__WHAT THE EXERCISE ASKS__:
Pictures do not belong in the copy; print every entry exactly as it stands.

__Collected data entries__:
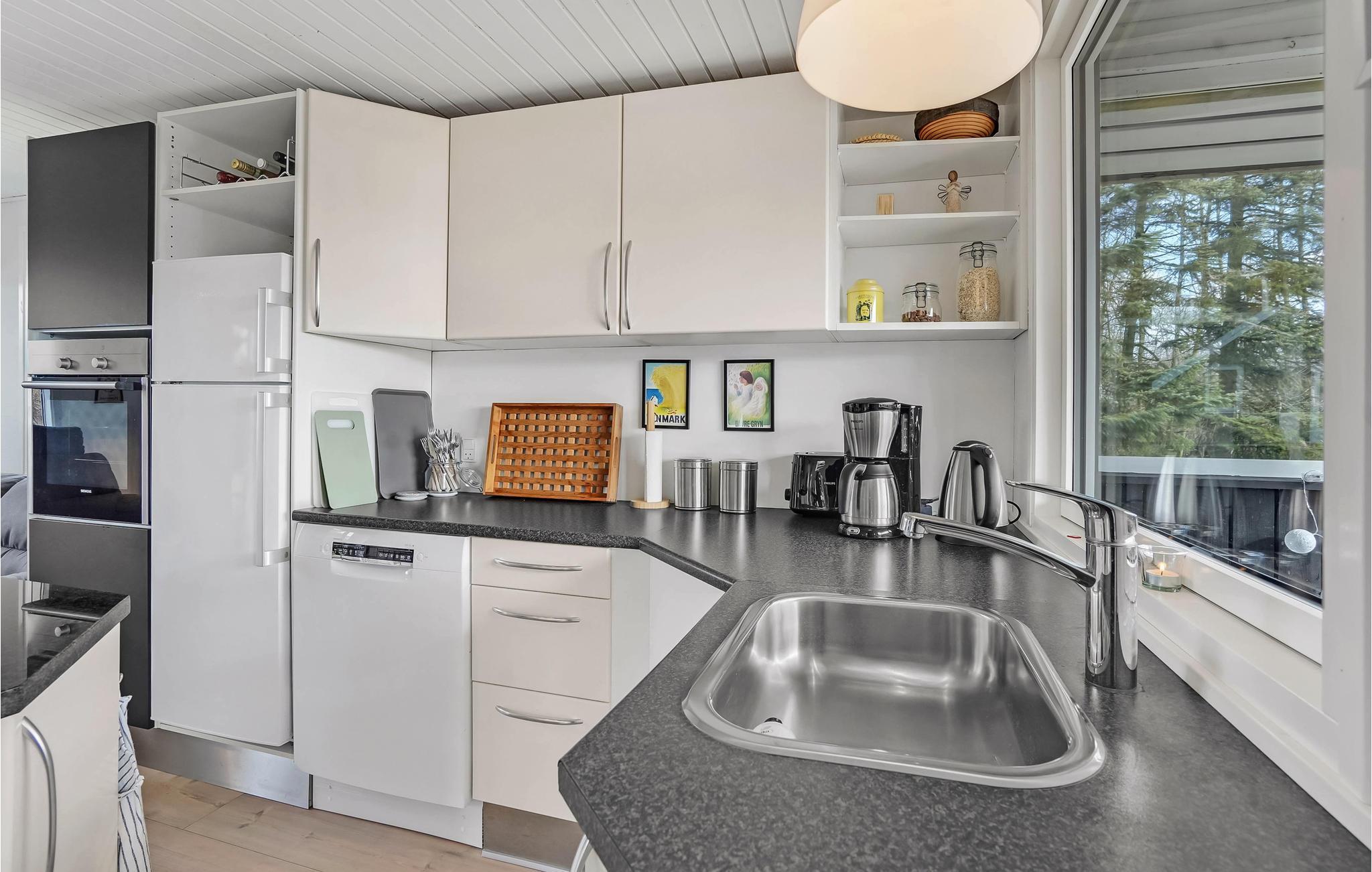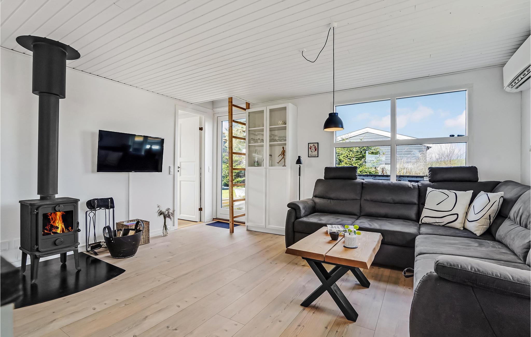 Velkommen til det hyggelige hus, som ligger roligt placeret i landlige rammer og har en skøn udsigt et grønt landskab. Boligen er lys og moderne med enkle stilvalg, så her er der gode rammer til at slappe af for hele familien. De store vinduespartier lukker det naturlige lys ind i boligen og giver jer adgang til den behagelige udsigt, også når I gør aftensmaden klar eller nyder dagens måltider. I kan skrue ekstra op for hyggen og varmen i vinterhalvåret ved at fyre op i brændeovnen.
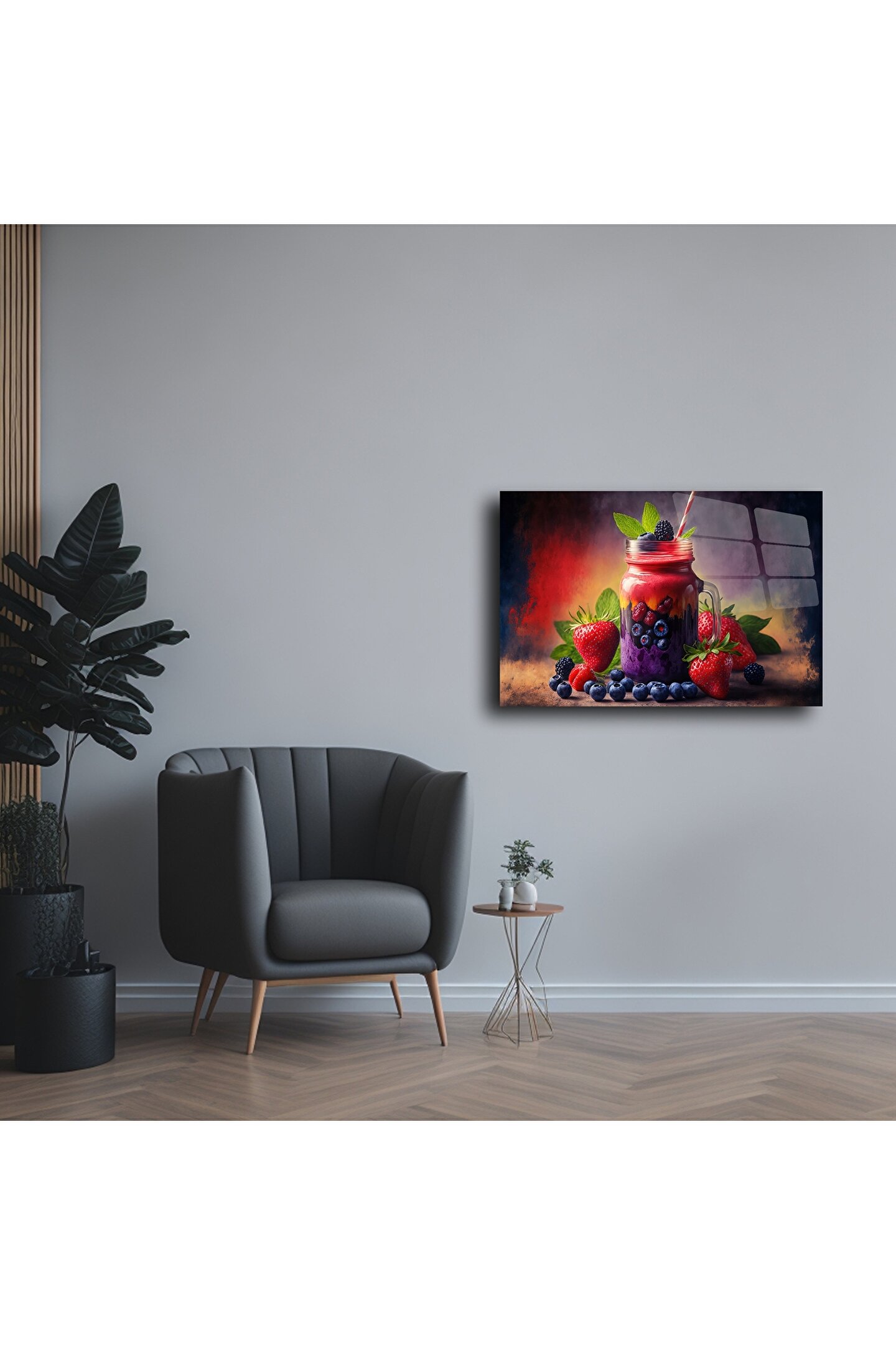 Taze orman meyveleri ve sağlıklı smoothie içeceğinin birleştiği bu canlı Cam Tablo, mutfağınıza ya da yemek alanınıza enerji katacak. Parlak ve detaylı görsel, yüksek kaliteli temperli cam üzerine basılmıştır ve renklerin canlılığıyla dikkat çeker.
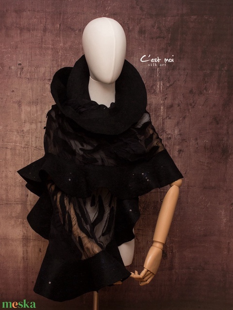 Fekete selyemre muszlinra nemezelt gyapjú stóla ,különleges alkalomra
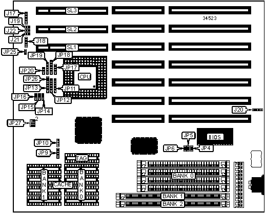 External battery | J20 | 32-bit VESA local bus slots | SL1 – SL3 |
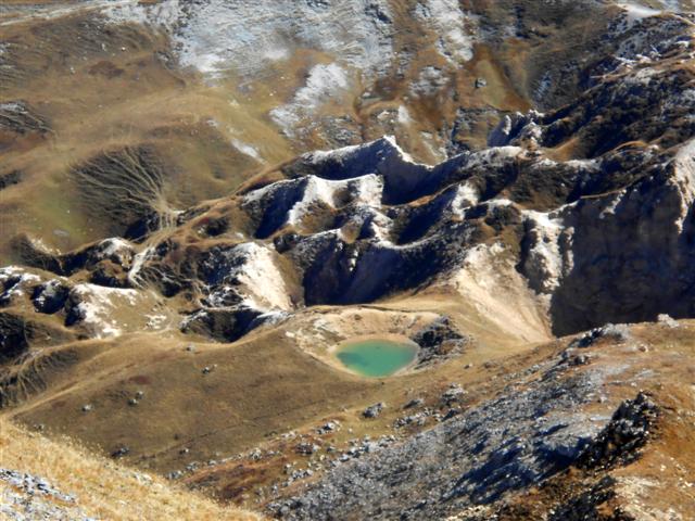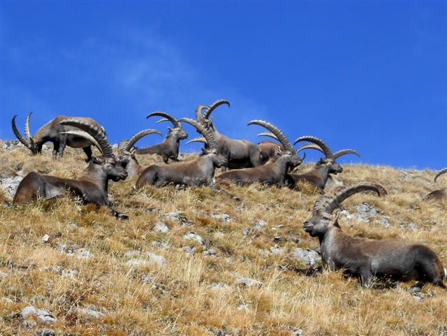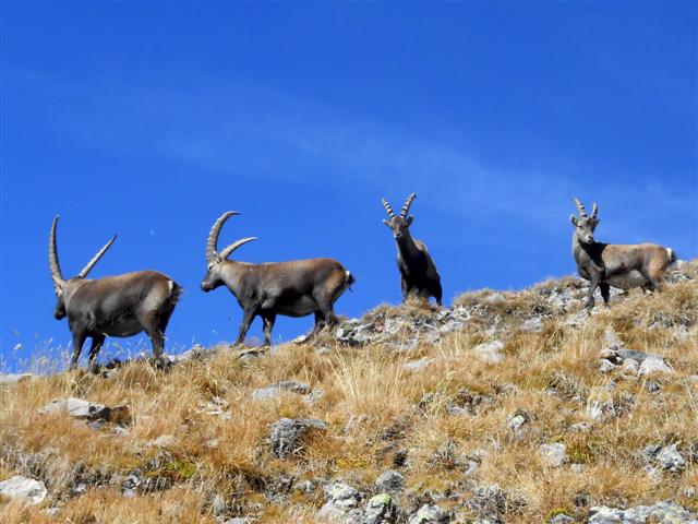 Après avoir casse-croûté tout là-haut, sous le soleil, nous avons croisé à la descente, "nos" bouquetins paisibles, admiré le petit lac vert en contrebas, entouré de dolines de gypse, et rejoint le carrosse à la Saussaz vers 14 h 30 environ.
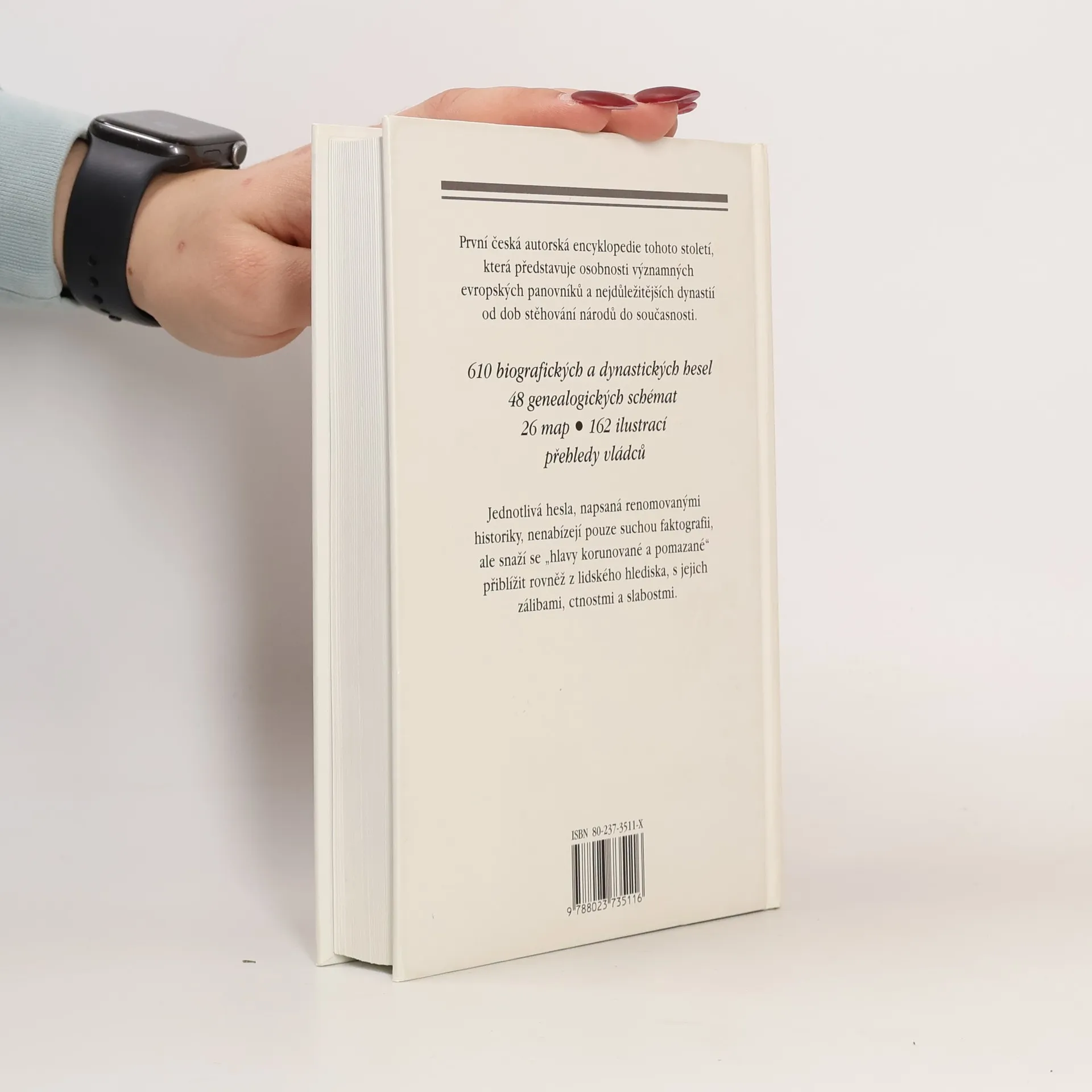 Encyklopedie představuje osobnosti významných evropských panovníků a nejdůležitějších dynastií od dob stěhování národů do současnosti. Obsahuje 610 biografických a dynastických hesel, 48 genealogických schémat, mapy, ilustrace a přehledy vládců.
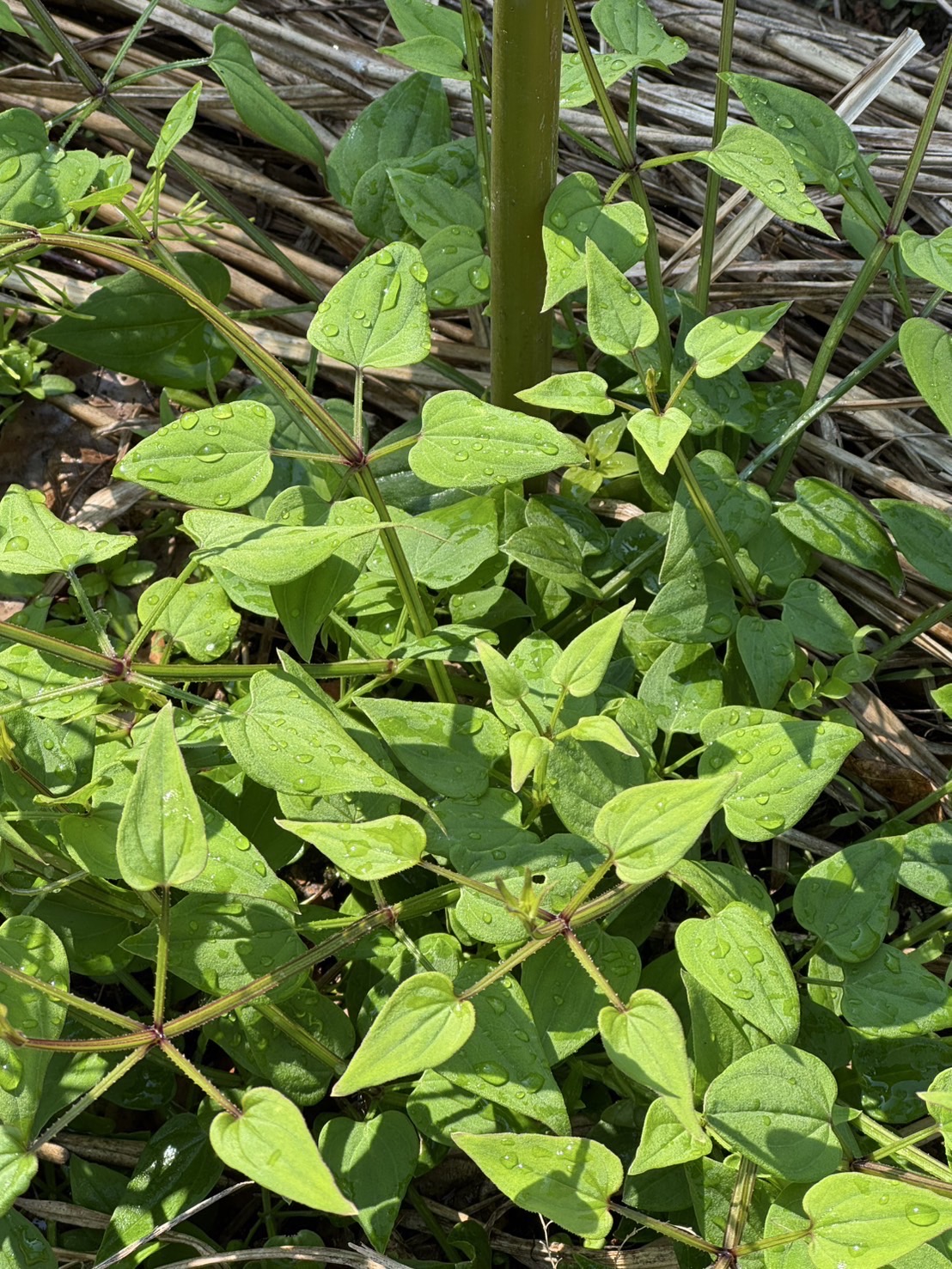 ・茎は四角で棘があって節から4枚、十字に葉が生えている。
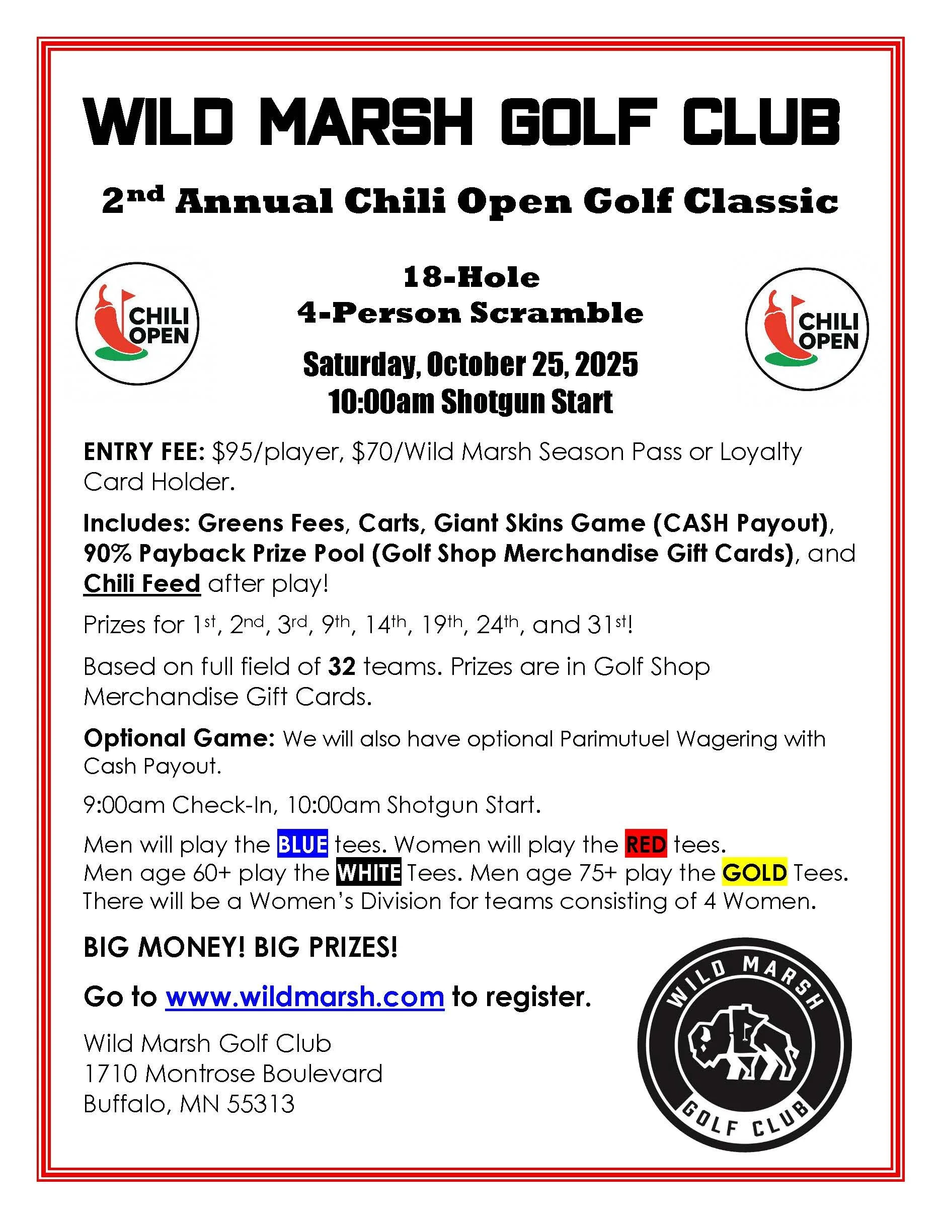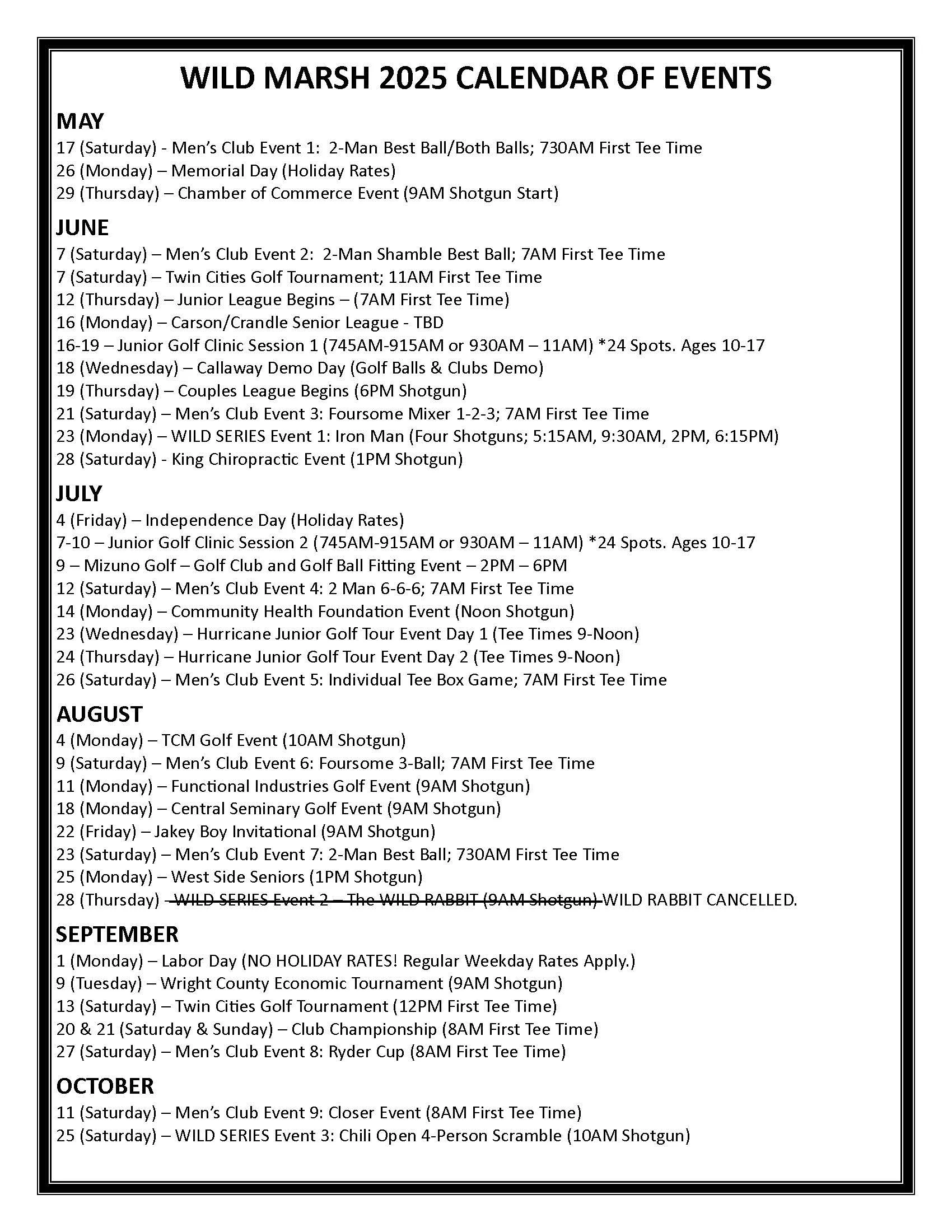 Want to Know What Is Going On At Wild Marsh This Golf Season. Here Is The Current Calendar of Events. *** Event Days May Have Limited Tee Times Available for Season Pass Holders & Loyalty Club Members.

__ANSWER SPACE__:
 Velkommen til det hyggelige hus, som ligger roligt placeret i landlige rammer og har en skøn udsigt et grønt landskab. Boligen er lys og moderne med enkle stilvalg, så her er der gode rammer til at slappe af for hele familien. De store vinduespartier lukker det naturlige lys ind i boligen og giver jer adgang til den behagelige udsigt, også når I gør aftensmaden klar eller nyder dagens måltider. I kan skrue ekstra op for hyggen og varmen i vinterhalvåret ved at fyre op i brændeovnen.
 Taze orman meyveleri ve sağlıklı smoothie içeceğinin birleştiği bu canlı Cam Tablo, mutfağınıza ya da yemek alanınıza enerji katacak. Parlak ve detaylı görsel, yüksek kaliteli temperli cam üzerine basılmıştır ve renklerin canlılığıyla dikkat çeker.
 Fekete selyemre muszlinra nemezelt gyapjú stóla ,különleges alkalomra
 External battery | J20 | 32-bit VESA local bus slots | SL1 – SL3 |
 Après avoir casse-croûté tout là-haut, sous le soleil, nous avons croisé à la descente, "nos" bouquetins paisibles, admiré le petit lac vert en contrebas, entouré de dolines de gypse, et rejoint le carrosse à la Saussaz vers 14 h 30 environ.
 Encyklopedie představuje osobnosti významných evropských panovníků a nejdůležitějších dynastií od dob stěhování národů do současnosti. Obsahuje 610 biografických a dynastických hesel, 48 genealogických schémat, mapy, ilustrace a přehledy vládců.
 ・茎は四角で棘があって節から4枚、十字に葉が生えている。
 Want to Know What Is Going On At Wild Marsh This Golf Season. Here Is The Current Calendar of Events. *** Event Days May Have Limited Tee Times Available for Season Pass Holders & Loyalty Club Members.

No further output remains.